One thing that I hope our collective grapple with the Bible these past few years has revealed to us, though, is that wrestling with these texts in all their uncomfortableness, jagged edges, and refusal to be reduced to pat lessons is in part the point. We grow more when we confront hard or complicated works of scripture than we do when we dodge them. It’s the muscles that we develop while grappling with them—even if that means we end up finding them distasteful—rather than the lessons that we try to cram them into that are the point.
How To Read Revelation?
There are a few different ways we might confront Revelation. The first thing to do is to realize what it is. It is by genre an “apocalypse” (A Greek word meaning “revelation” or “unveiling.”) There are other “apocalypses” in the Bible, and even in the Book of Mormon. Nephi’s vision is arguably one, for instance; you can find others in Daniel, Isaiah, and Ezekiel, among other places. These writings are often heavily symbolic, and generally dualistic: they show the world torn between the conflict between good and evil, resulting in much terror and the eventual triumph of God.
So, as we read Revelation, we should take that into account. It’s supposed to be dramatic and over-the-top. It’s presented that way because it seeks to heighten the passion of the drama that it’s illustrating. And more than anything, that’s what Revelation is about. It’s not about the United Nations or communism or the Emperor Nero. It is about the single great story of all of scripture: humanity feels lost, threatened, and subject to chaos and despair, but God is coming, and God will set things right.
The first thing to do is to decenter the “futurist” interpretation of the text. That’s the one that presumes it’s a road map to the Second Coming and that everything it describes is happening NOW in the last few years before the End of Days. This will disappoint your uncle, but it’s an interpretation we bring to the text, not one that’s native to it.

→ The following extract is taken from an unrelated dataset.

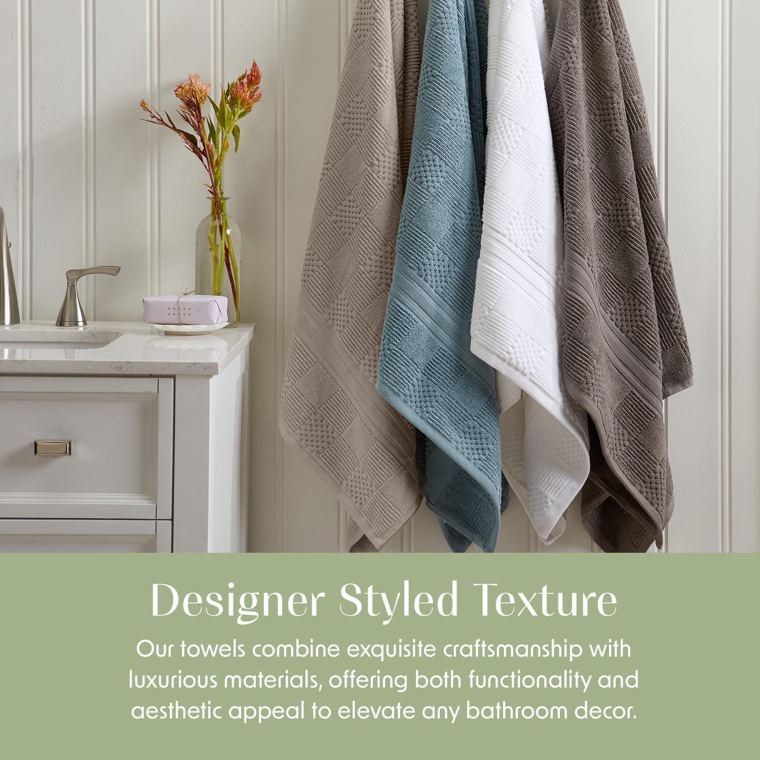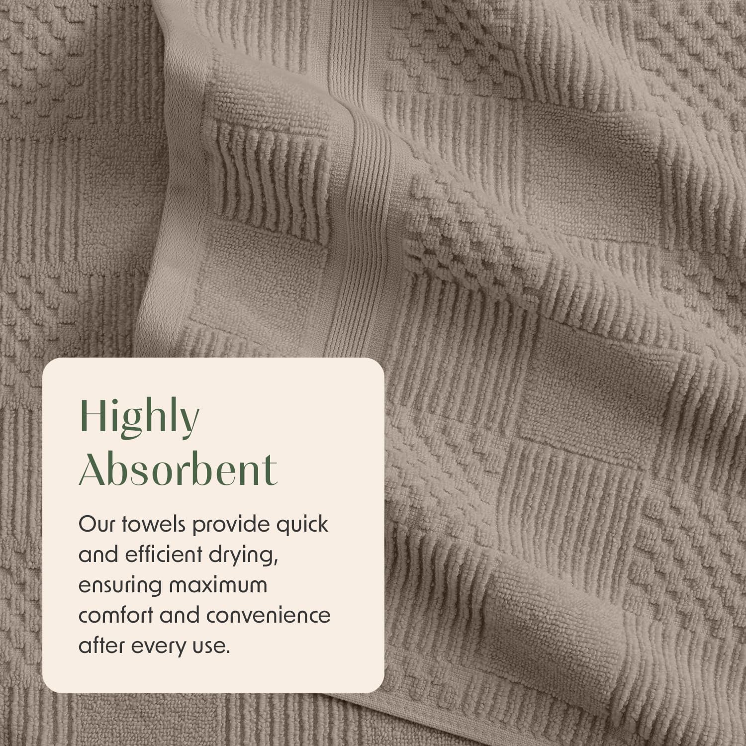 Springtree Home 100% Cotton Bathroom Towel Set | 6 Piece Set - Brown Bath Towels | Geometric Textured Design | Absorbent & Quick-Dry | Oeko-TEX® Standard 100 Cotton | Myla Collection - Cobblestone

There are other ways to read the text. The first is called “preterist;” that’s reading the text within its time period, assuming that it is describing things happening in John’s lifetime—persecution, martyrdom, the corruption of Rome, etc. A “historicist” reading sees in the text a description of all of Christian history, from the death of Jesus to the Second Coming. An “idealist” reading rejects the notion that it’s about history at all, and instead argues that it’s about the spiritual struggle between good and evil rather than specific events. A “liturgical” reading emphasizes the temple and sacramental imagery in the text, and describes it as a symbolic description of creation, fall, and redemption in the same way the Lord’s Supper or the temple endowment is.
Pick your favorite, or mix and match. That’s the point.
What’s In Revelation?
The opening of the book, Revelation 1-5, is what I’ll deal with in what remains.

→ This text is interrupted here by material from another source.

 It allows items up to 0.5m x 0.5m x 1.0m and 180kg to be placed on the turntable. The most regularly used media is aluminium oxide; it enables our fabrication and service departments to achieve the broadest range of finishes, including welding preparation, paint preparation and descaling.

The author identifies himself to us as John in verse 1, and declares that what he’s written is “the revelation of Jesus Christ.” Two things here. First, because his name is John many people have assumed he is the author of the Gospel of John and the Epistles of John and is the beloved apostle. This might be true but is about the equivalent of assuming that your old bishop John is the same guy as your cousin’s current bishop John. The name was and is common. Furthermore, the Greek of the Gospel is polished and philosophical; the Greek of Revelation is neither of those things.
Second, John calls this text “the revelation of Jesus Christ.” Does he mean that this is a revelation Jesus Christ gave him? Or a revelation about Jesus Christ? Discuss.
The next few verses therefollowing, Revelation 1:1-8 are John’s introduction to the book. One might read these verses as the guiding concepts behind the next 24 chapters. This is prophecy (that is, a message from God; not all prophecy is future-prediction); John sends grace to his readers; Jesus is the “faithful witness,” Jesus is the “first begotten of the dead,” Jesus is the “prince of the kings of the earth,” Jesus “loved us and washed us from our sins in his own blood,” Jesus “cometh with clouds.” The emphasis on Jesus should shape how we read what is to come.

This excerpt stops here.